The library has created digital images of the front cover and most (though apparently not all) of the manuscript pages.
On the cover, below the title, Whitman has written, "2'd & fullest version of original Edition / 1855–'56 / (the 1st edition consisted of the Poems alone—some months afterwards the extracts &c. prefacing the text, as here, were added—making this edition)." Another note, in the hand of Horace Traubel, is written above the title. What is known about the history of Whitman's copy of the 1855 edition of Leaves of Grass comes from this note, from a brief mention in Traubel's With Walt Whitman in Camden, and from a May 12, 1928, letter from Anne Montgomerie Traubel to Oscar Lion. In a conversation with Horace Traubel in February, 1889, Whitman said that he had kept "only one copy" of the first edition, that he didn’t at the time know where it was, and that he intended for Traubel "to have it when it reappear[ed]"

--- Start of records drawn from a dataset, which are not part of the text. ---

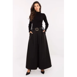Elegantní dámské kalhoty typu palazzo, skvělé na každý den i do práce. Vyrobena z směsi viskózy a polyesteru, vynikají hladkou strukturou a pohodlným nošením. Vysoký pas s gumou a zapínacím páskem zdůrazňuje pas, a ozdobné záložky dodávají celku eleganci. Široké nohavice dodávají lehkost postavě a praktické boční kapsy s vložením zajišťují funkcionalitu. Stylový návrh, který spojuje eleganci s pohodlím.
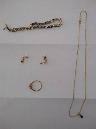 The tennis bracelet is approximately 8” long and if you add the safety chain, that’s another 2” long. It has a total of 26 sapphires and 13 rows of diamonds (3 chip diamonds in each row).
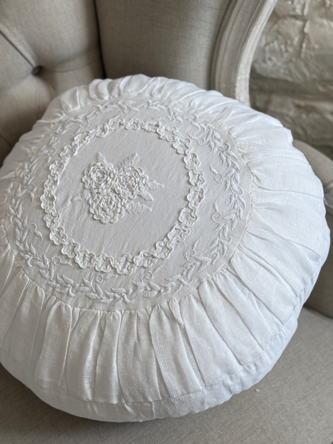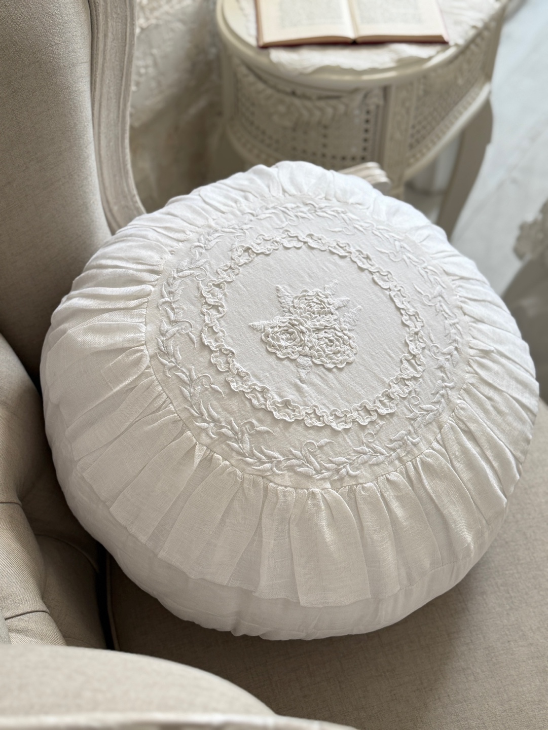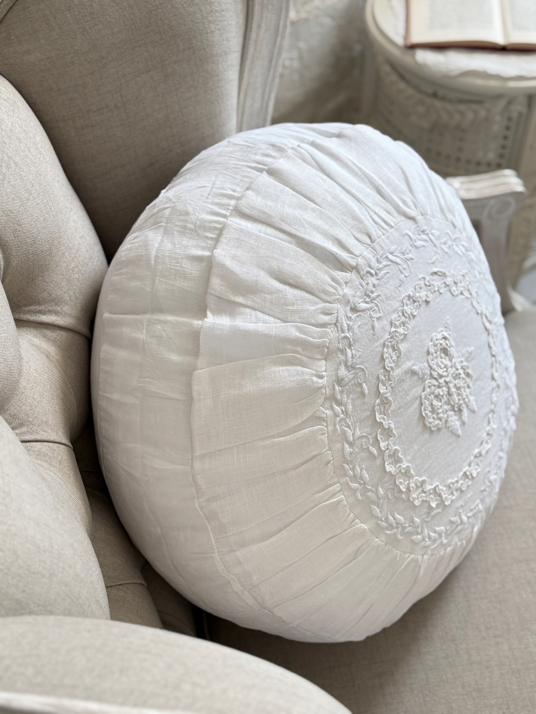 패브릭 린넨 50%와 면 50% 소재를 사용하여 내추럴한 텍스처와 편안한 쿠션감을 동시에 제공합니다.
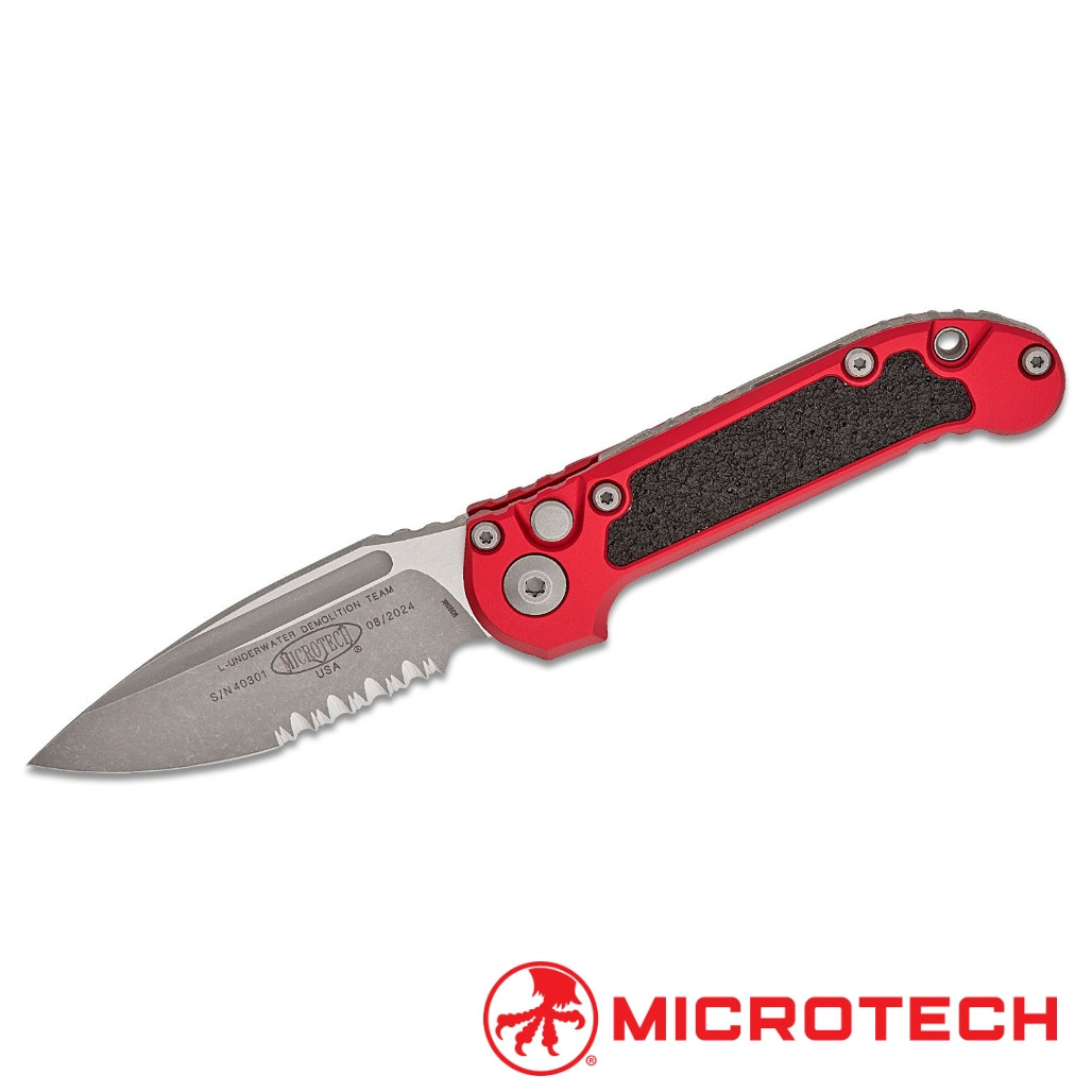 View productMicrotech LUDT Gen III Automatic Folding Knife Red/grip Tape Inlay 3.4" Drop Point Apocalyptic Stonewash Serrated #1135-11aprd$269.00
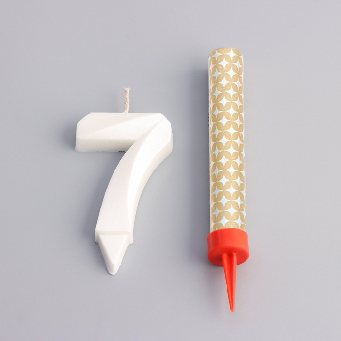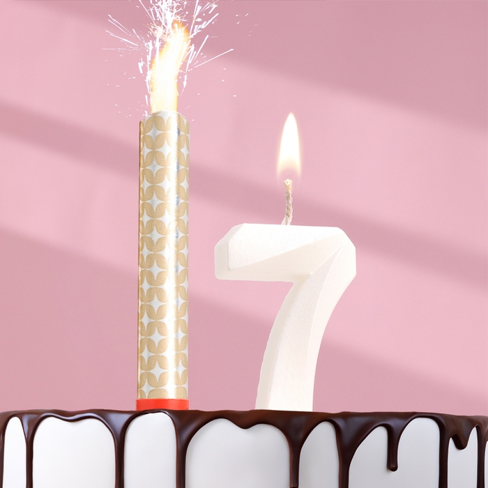 Свеча в торт "Грань + фонтан", цифра "7", жемчужный, 6,5 см

(151). According to Anne Traubel, Whitman never did find the book; it was discovered only "several years after Whitman’s death," during the division of papers among his literary executors (Furness 118-119).The manuscripts in Whitman's copy of the 1855 Leaves of Grass vary in apparent completeness, as well as in tone and implied audience. All of them, however, are written in prose and can be fairly described as providing some sort of introduction to Leaves of Grass. A few dates appear in the manuscripts, and these, along with other clues, suggested to Grier a range of dates during the 1860s. None of the manuscripts were published in Whitman's lifetime, though they share similarities with some of the poet's published statements, especially the introduction to As a Strong Bird on Pinions Free (1872).
Unfortunately, both Furness and Grier focus almost exclusively on the manuscript material; neither provides much information about the printed book into which it is fastened. This silence—along with the lack of page images or other information in the New York Public Library catalog—leaves many basic questions about Whitman's copy of the first edition unanswerable at present.